For me it is easier to finally read API documentation and make bunch of solutions on all situations, than to model by self.
Should I try it or it is the worst idea ever, as very often there are impossible Blender API limitations?
P.S.
I’m that type of person who will drag around just 177 vertices until they are not a perfect match, maybe I should just ditch the unnecessary optimization stuff and make the high-poly version first and then decimate it and make manual tweaks to low-poly on need? (Though it still will be about 20%+ geometry, than the low-poly from start thing)
Ah, and maybe I should give it a go in Unity C# (then finish it in Blender), as it is less limited + much more AI chat friendly.
Op, forgot maybe i should try Blockbench or similar, though don’t think I can make stuff like fingers easily in there, though it should rather fit the current stylistic needs.
(Someone used it, is it bunch of cubes on export or a solid optimized mesh, can it make a skinned one for character?)
‘Stylizing’ (for lack of a better term) things just moves the difficulty onto something else. It will still take plenty of practice to make that style look good, alongside being able to portray certain things in a style that would otherwise limit that.
OP, you’re still just looking for easy ways out. Modelling hands is as hard as drawing hands, yes. But if you never tackle the real challenges then you never improve.
Coding this stuff isn’t going to be any easier than modelling it either.

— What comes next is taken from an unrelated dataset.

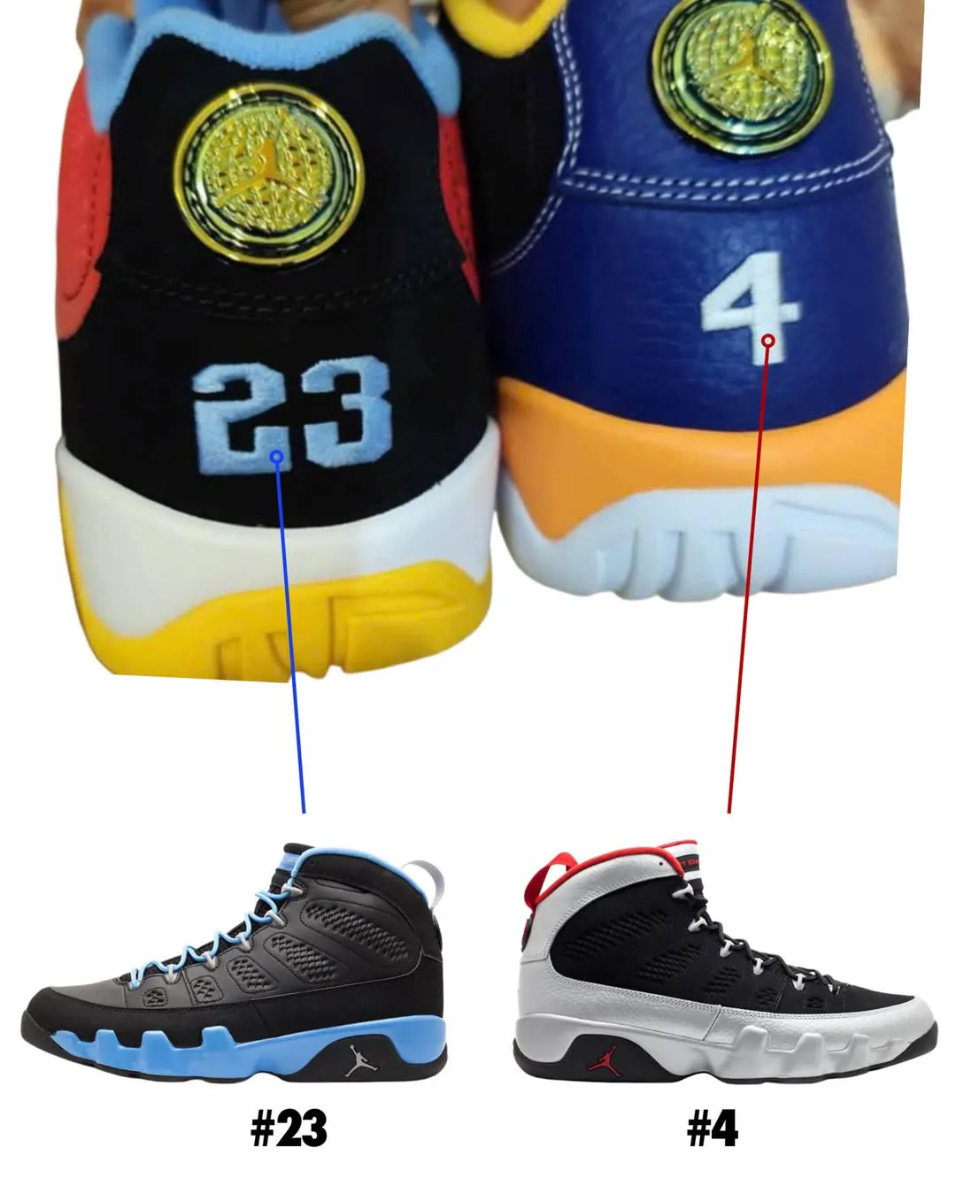 The original Air Jordan 9 “Kilroy Pack” was tied to a campaign built around Michael Jordan’s fictional identities during his retirement from basketball in the mid-1990s. Pairs like Johnny Kilroy, Slim Jenkins, Calvin Bailey, Motorboat Jones, Fontay Montana, and Bentley Ellis each represented a different character from that rollout. This new low-top appears to borrow from those chapters throughout the build, including heel embroidery that references #23 and #4 as another nod to the pack’s backstory.
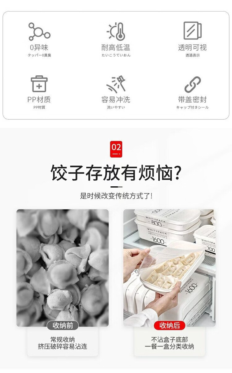 Huaiman imported from Japan, special dumpling box for small refrigerator, household food-grade frozen raw dumplings and wontons, small storage and preservation, hot-selling recommendation 800ml*5 pieces, food-grade material, can hold 80 pieces, default

but i did solve the walls and roofs quick in Blender for my ugly needs though:
Potentially it will even compensate the time took to create it, as I still made only one level and a quarter ready of second was corrupted thanks to old Win 10 and local AI issue (i.g?) (still not restored previous progress from backup, btw)

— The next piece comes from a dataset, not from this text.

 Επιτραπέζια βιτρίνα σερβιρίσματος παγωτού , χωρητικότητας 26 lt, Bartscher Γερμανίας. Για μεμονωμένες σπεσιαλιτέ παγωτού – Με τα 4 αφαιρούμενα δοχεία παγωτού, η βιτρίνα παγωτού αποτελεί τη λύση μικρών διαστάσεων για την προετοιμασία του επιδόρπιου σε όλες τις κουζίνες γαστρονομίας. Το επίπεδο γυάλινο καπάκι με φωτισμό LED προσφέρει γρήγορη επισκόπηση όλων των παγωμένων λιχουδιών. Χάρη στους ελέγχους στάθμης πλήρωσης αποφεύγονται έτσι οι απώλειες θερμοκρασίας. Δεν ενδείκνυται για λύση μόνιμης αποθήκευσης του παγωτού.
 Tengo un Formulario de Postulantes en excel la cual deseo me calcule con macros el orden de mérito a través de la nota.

Even the finger case could be turned into a generator, as basically the core is just 5 sausages.
But I guess the easiest and right way in current case is to use Blockbench, as the voxel building is pretty robotic, more close to a programmer way. (and that will solve the ultimate vertices madness)
You wrote that with AI though. You no doubt have no real idea how it works under the hood. Its effectively not even your own work. You’re skill as a programmer and an artist hasn’t gone anywhere.

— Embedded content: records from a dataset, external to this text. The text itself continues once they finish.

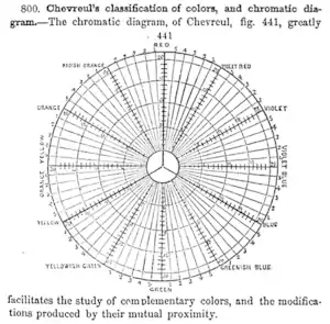 ووفقا لنظرية اللون التقليدية المعتمدة على الألوان الأولية الطرحية، والنموذج اللوني ح ص ز، والتي بدورها مشتقة من مزج الطلاء، فإن مزج الأصفر مع البنفسجي، والبرتقالي مع الأزرق، والأحمر مع الأخضر، يعطي لونا رماديا، فهي الألوان المكملة للرسامين. وتشكل هذه التباينات أساس قانون شيفرويل لتباين الألوان: الألون التي تظهر مع بعضها سوف تتعدل كما بون أنها مزجت مع اللون المكمل للون الآخر. مثلا، عندما توضع قطعة من النسيج الأصفر فوق خلفية زرقاء اللون، فستبدو وكأنها ذات صبغ برتقالي، لأن البرتقالي هو اللون المكمل للأزرق.
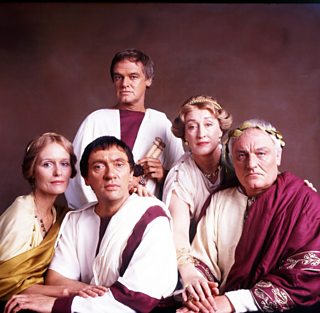 Julius Caesar - Virginia McKenna as Portia, Richard Pasco as Marcus Brutus, Keith Michell (stood in background) as Marcus Antonius (Marc Antony), Elizabeth Spriggs as Calpurnia and Charles Gray as Julius Caesar (1979)
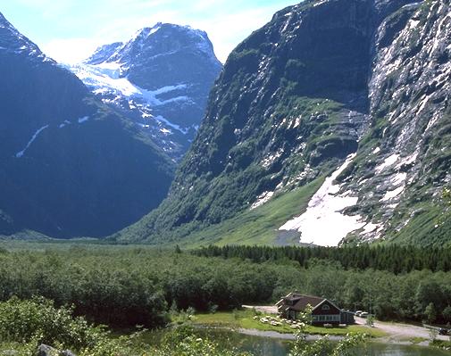 Ca. år: 2000, Kjenndal fjellstove og utsikt oppover Kjenndalen med Kjenndalskuna. Marit i forgrunnen
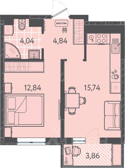 Жилая площадь12,8 м2
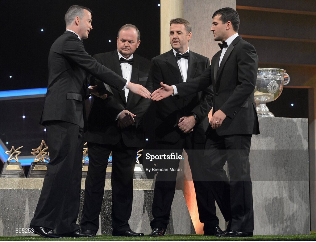 26 October 2012; Donegal's Frank McGlynn receives his 2012 GAA GPA All-Star award, sponsored by Opel, from Donal Og Cusack, Chairman, Gaelic Players Association, Liam Ó Néill, Uachtarán, Chumann Lúthchleas Gael, and Dave Sheeran, Managing Director, Opel Ireland. GAA GPA All-Star Awards 2012 Sponsored by Opel, National Convention Centre, Dublin. Picture credit: Brendan Moran / SPORTSFILE
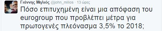 «Πόσο επιτυχημένη είναι μια απόφαση του eurogroup που προβλέπει μέτρα για πρωτογενές πλεόνασμα 3,5% το 2018;» έγραψε ο κ. Μηλιός.
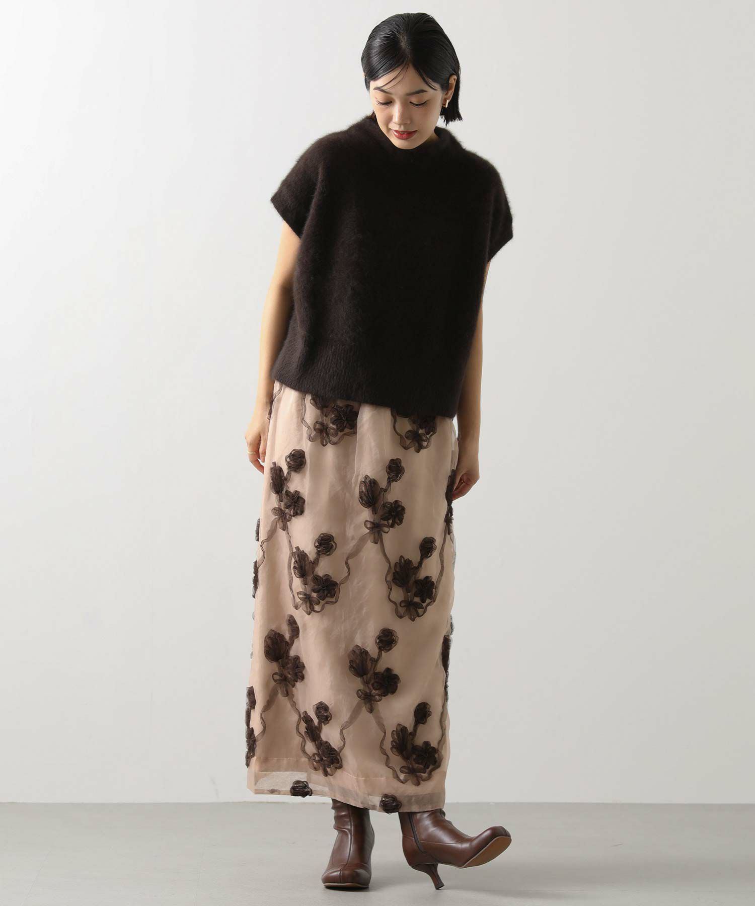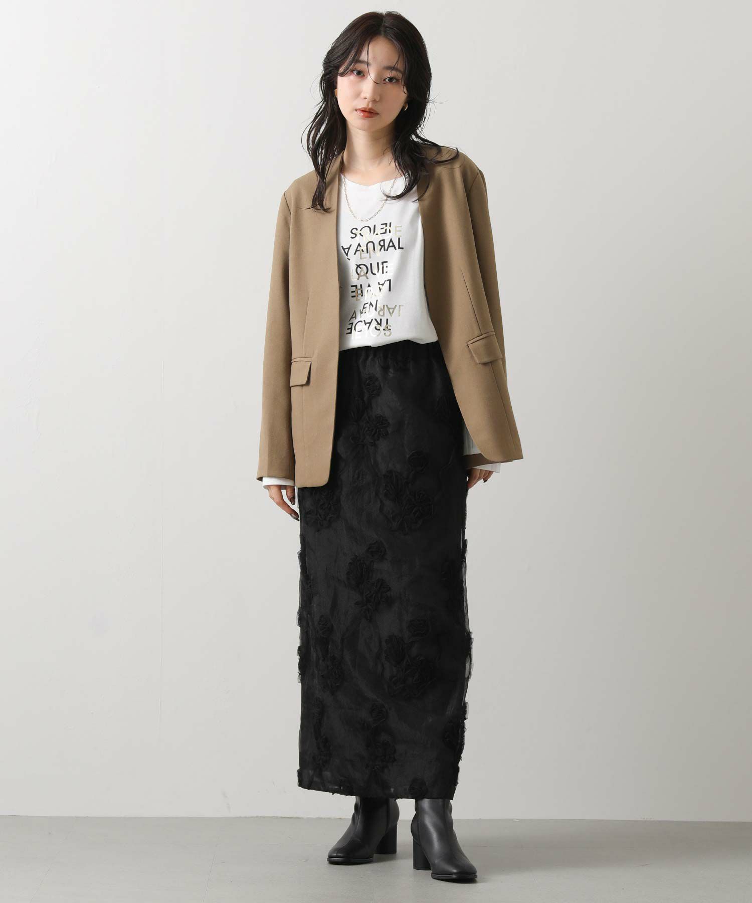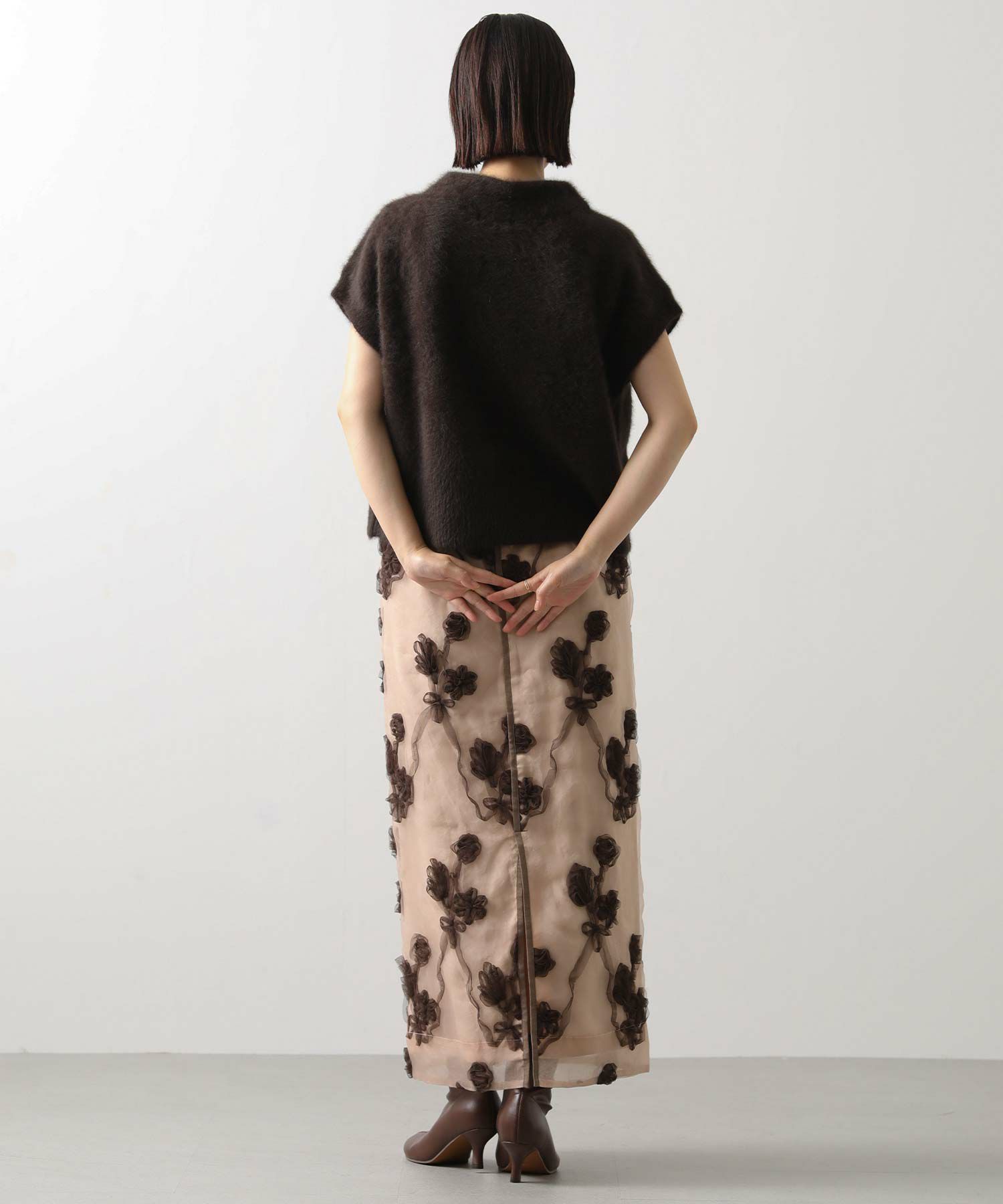 オーガンジーにチュールで刺繍を施した立体感のある素材が、スタイリングにアクセントをつけてくれます。ウエストはグログランテープを使用して、インスタイルも決まるデザインになっています。

Oh, ho-ho about that you’re wrong, as the AI IS VERY BAD WITH BLENDER API (Though i definetely needed to actually read the docs to know about limitations on second time, holy crap it can’t even do a multi-line for text in a sidebar)
P.S.
I actually even read the code of main addon, and considering a million of bugfixes, the AI actually made me suffer more than to write it manually after properly reading the doc (which i still hasn’t)
Upd.
Lol with AI the same thing in Unity C# would be more robust and easier to make, though for a main addon it would take 1.3x+ more lines of code
I don’t say that i don’t use the AI, i say that i had to fix like every tenth (in some cases even worse?) line of code of bugs.
I.g. missed the edited message again.
The Unity C# with Claude is no effort and easy (plus i at least have some month in it and finished junior pathway).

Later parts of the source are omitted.